In Fidel Ramos’ time, the SWS surveys were quarterly, producing 26 optimism scores: two VHs, 13 Hs, 10 Fs, and one M. They started at +33, and stayed double-digit except for a +6 in October 1995, during the rice crisis. The closing score was +23 in April 1998. Thus median optimism was high in both Cory’s time and FVR’s time.
There were only 12 surveys in the time of Joseph Estrada. Net optimism started at +26, and then had five consecutive Fs. Starting October 1999 there were three Ms, three Ls and one VL (-13 in October 2000), rendering median optimism mediocre in Erap’s time. The closing score was zero, in December 2000.
In Gloria Macapagal-Arroyo’s time, there were 43 optimism surveys, starting with a +4. In the first 39 surveys, from January 2001 to June 2009, there were five Hs, 14 Fs, 14 Ms, four Ls, and two VLs. The high of +24 was in February 2001; the low of -6 was in June 2008. Neither Erap nor GMA ever had a VH.
High optimism returned only in the last four quarters of GMA’s term when the end was near, as said earlier. Given GMA’s great unpopularity in her last five years, I would rate the optimism of her time on the basis of the initial 39 surveys, for which the median was mediocre.
Optimism in relation to governance. Tabulations suggest that the latest high optimism rate is due to very high public satisfaction, not only with President Noynoy’s personal performance, but also with the general performance of his administration.
Among those satisfied with Aquino, net personal optimism is +31, or a grade of VH. It is +29 or H among those neither satisfied nor dissatisfied. On the other hand, it is only +17 or F among those dissatisfied with him. Thus overall optimism is at H because of the very small size of the third group.
Those satisfied with the national administration have a net optimism score of +32 or VH. Those who feel neutral have a net score of +22 or H, and those dissatisfied have a net score of +25 or H. Therefore no realignment of satisfaction with the administration could reduce optimism below H.
Optimism in relation to economic situation. Other tabulations show net optimism at +31 or VH among both the employed and the unemployed, and at +22 or H among those not in the labor force.

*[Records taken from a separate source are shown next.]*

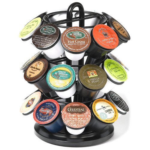 The Nifty Carousel for K-Cups elegantly displays all your favorite K-Cups. The lazy susan base rotates 360-degree, making it extremely easy to find and select your favorite K-Cup flavor. The sleek black powder-coat design looks great on any kitchen counter top. The three-tiered carousel will hold up to 27 K-Cups..../ Nifty Carousel for 27 K-Cups, Black / Storage Coffee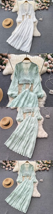 2022年夏のツーピースセット女性のための自由奔放なビーチスカート2個セットレースランタンシーブクロップトップとロングプリーツスカート サマー 夏物 Abe15563801832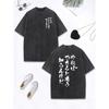 Japanese Calligraphy Printing Washed T-Shirt Women Cotton Oversize T Shirts Casual O-Neck Distressed Tops Womans Clothes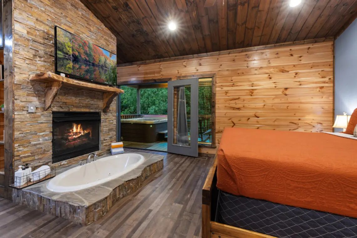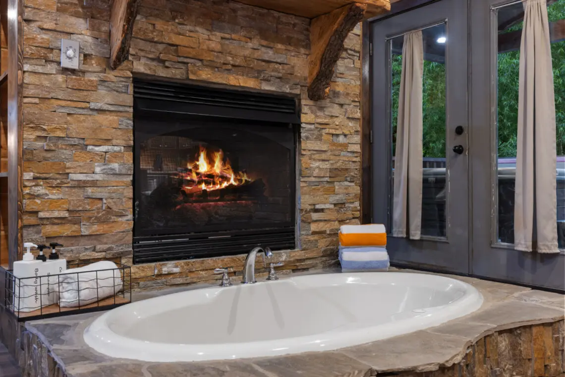💎 Soak-In Bath Tub: Indulge in a luxurious soak right next to the fireplace, creating a romantic and soothing atmosphere.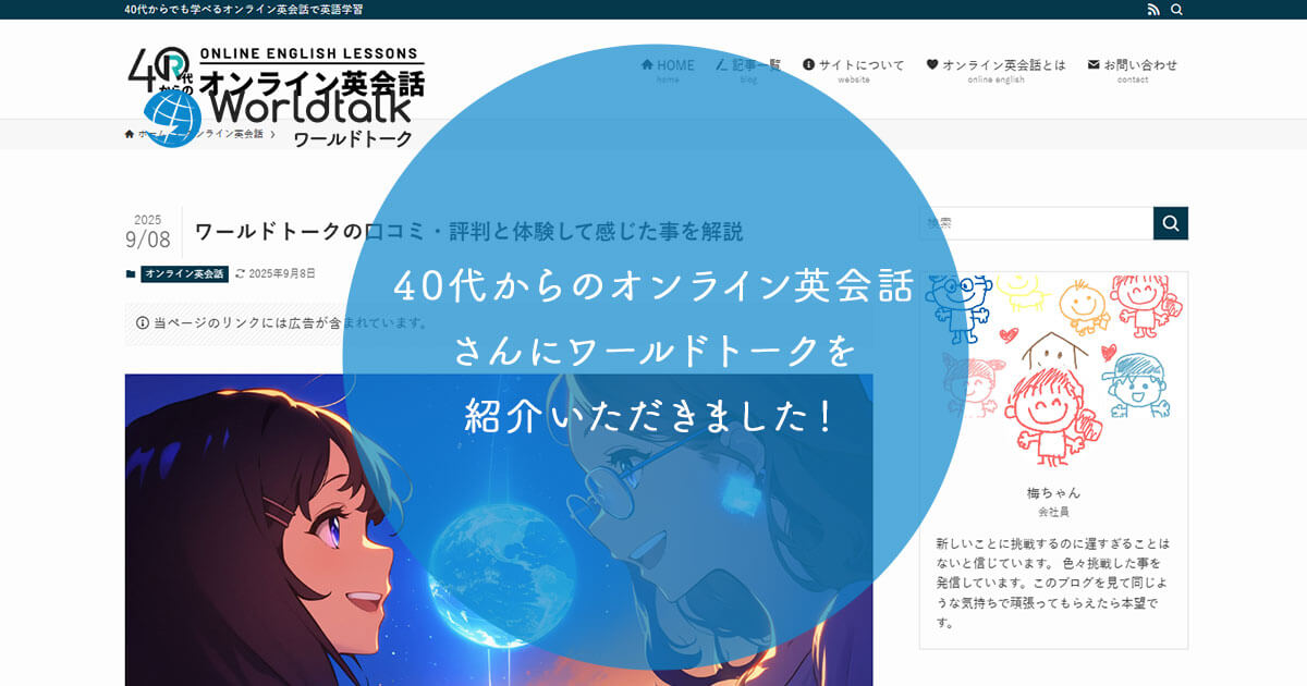 オンライン英会話や英語アプリの体験談、初心者向けの学習法、子どもと一緒に取り組める工夫などを発信する「40代からのオンライン英会話」さんにワールドトークをご紹介いただきました。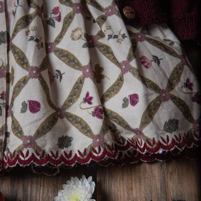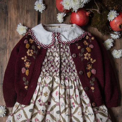 The collar has a wonderful shape and the entire dress is embellished with our hand painted print that has the perfect floral details.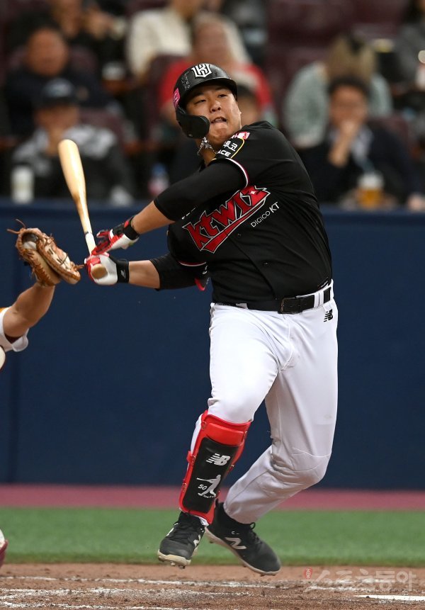 25일 서울 고척스카이돔에서 ‘2023 신한은행 SOL KBO리그’ KT 위즈와 키움 히어로즈 경기가 열렸다. 4회초 무사 KT 강백호가 헛스윙을 하고 있다.
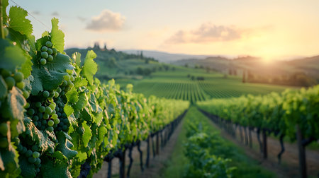 Experience the calming beauty of a vineyard at sunset, with vibrant green grapevines illuminated by golden light, creating a breathtaking rural landscape.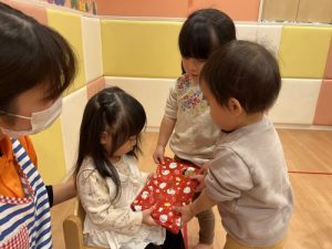 ?りんご組さんのお友だちがプレゼントを渡してくれています。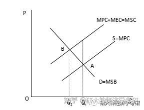 如图所示,不加干预的该产品市场的均衡在A点实现,此时MPC=MSB,所决定的产量水平Q1并不满足MSC=MSB,不是社会资源配置最佳,意味着有效的均衡应当在B点实现,此时MSC=MPC+MEC=MSB,对应的产量水平为Q2。由于Q1>Q2,在存在负的外部效应时,一种物品或服务的生产和销售会呈现过多的状态。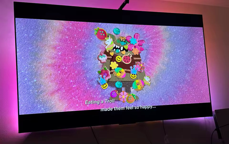 Fits my tv perfectly. Installation took only 20 minutes. I love the color variations and how it matches the scenes of the shows. I will be buying this brand for all of our tvs. Definitely recommend it. The app is also very easy to use.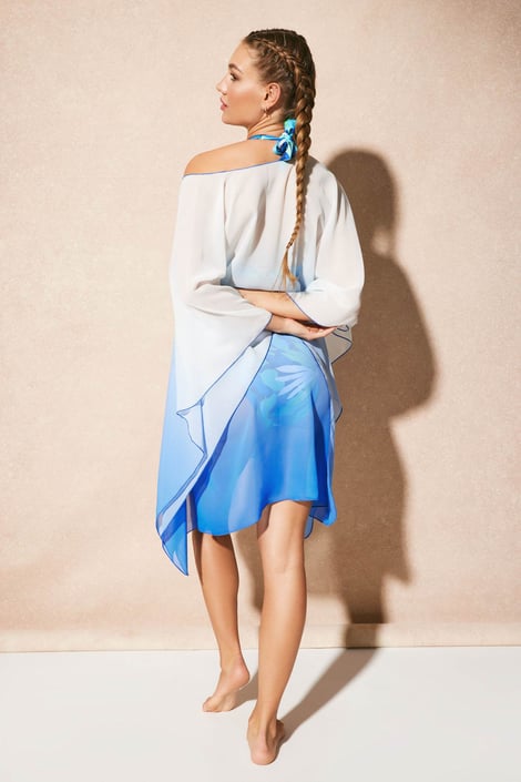 Η τουνίκ παραλίας Padma Ombre II σας τυλίγει σε απαλές αποχρώσεις του μπλε και του λευκού. Η χαλαρή εφαρμογή χαρίζει απόλυτη άνεση στις καμπύλες σας, το ελαφρύ υλικό ρέει με χάρη πάνω στο σώμα.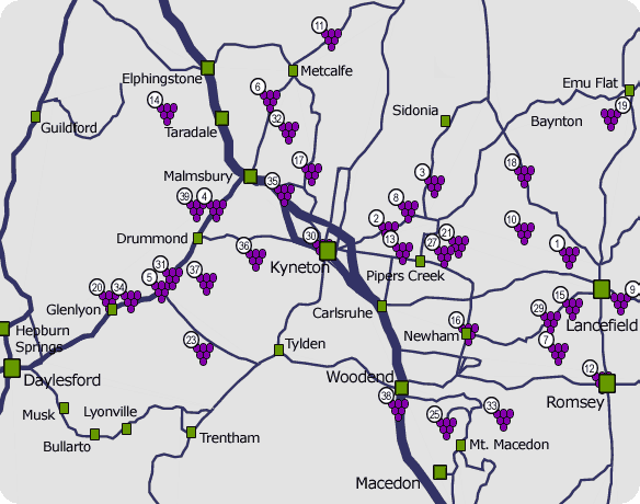 1. Ashworths Hill 2. Bald Hill 3. Ballandry Estate 4. Basalt Ridge 5. Big Shed Wines 6. Blackgum Estate 7. Braewattie 8. Candlebark Hill 9. Cleveland 10. Cobaw Ridge 11. Coliban Valley 12. Cope-Williams 13. Flynn & Williams 14. Fryerstown Road 15. Glen Erin 16. Hanging Rock 17. Hawksmoor 18. Knight Granite Hills 19. wili-wilia winery 20. Ellender Estate 21. Loxley 22. Macedon Ridge 23. Moonstruck 24. Mount Charlie 25. Mount Macedon 26. Mount William 27. O'Shea & Murphy 28. Portree 29. Rochford 30. Rock House 31. Sandy Farm 32. Snodgrass Creek 33. Straws Lane 34. Teneal Creek 35. Tarrangower Estate 36. Virgin Hills 37. Wombat Forest 38. Woodend Winery 39. Zig Zag Road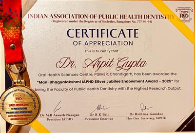 CHANDIGARH, 29.11.25-Demonstrating exceptional academic and research leadership in the field of Public Health Dentistry, Dr. Arpit Gupta, Additional Professor at the Oral Health Sciences Centre, Postgraduate Institute of Medical Education and Research (PGIMER), Chandigarh, has been honoured with the Mani Bhagyalakshmi IAPHD Silver Jubilee Endowment Award – 2025. This coveted national award is presented to the Public Health Dentistry faculty member with the highest research output across India. Dr. Gupta was felicitated at the 29th National Conference of the Indian Association of Public Health Dentistry (IAPHD) held in Mangalore.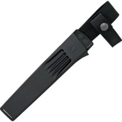 Model – FNA2. 12.75″ overall. 8″ laminate VG-10 stainless blade. Black checkered Kraton handle. Full tang. Lanyard hole. Black leather belt sheath.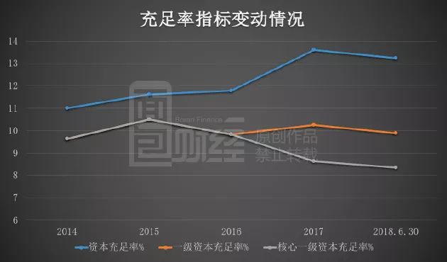 截止2018年6月30日,重慶銀行的核心一級資本充足率僅有8.34%,與2017年年末的8.62%相比,下降0.28個百分點。雖然滿足宏觀審慎體系下對非系統性重要銀行核心一級資本充足率7.5%的要求,但與2015年10.49%的核心一級資本充足率相比,目前處于較低水平,面臨一定的“補血”壓力。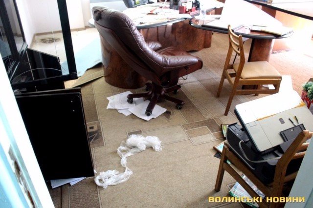 Власник приміщення на вулиці Шкільній, 74, колишній керівник підприємства «Стир-Агробуд» Степан Москвич розповів, що в офіс приїхала група з 15 осіб у балаклавах, перевернула догори дригом речі, в тому числі, понищила його почесні грамоти, не пояснивши, з якої причини.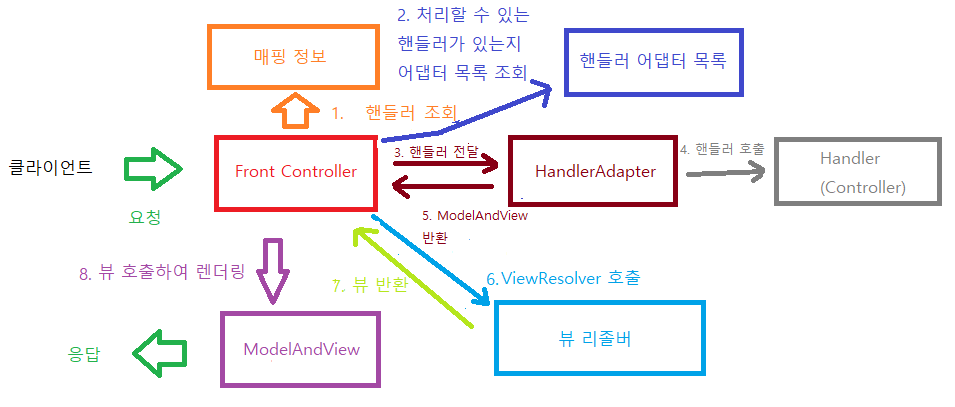 - 따라서, 여러 컨트롤러 인터페이스와 호환 가능하도록 프런트 컨트롤러와 컨트롤러 사이 어댑터를 배치해줘야 합니다.

It is a VH +35 among those who don’t self-rate as poor, and an H +22 among the self-rated poor. Thus poverty matters, but not enough to bring down optimism below a grade of H.
Optimism among those free from hunger has a VH score of +33. It is only +17 or F among those in moderate hunger. What matters most, as usual, is severe hunger, where optimism is at a mediocre +7.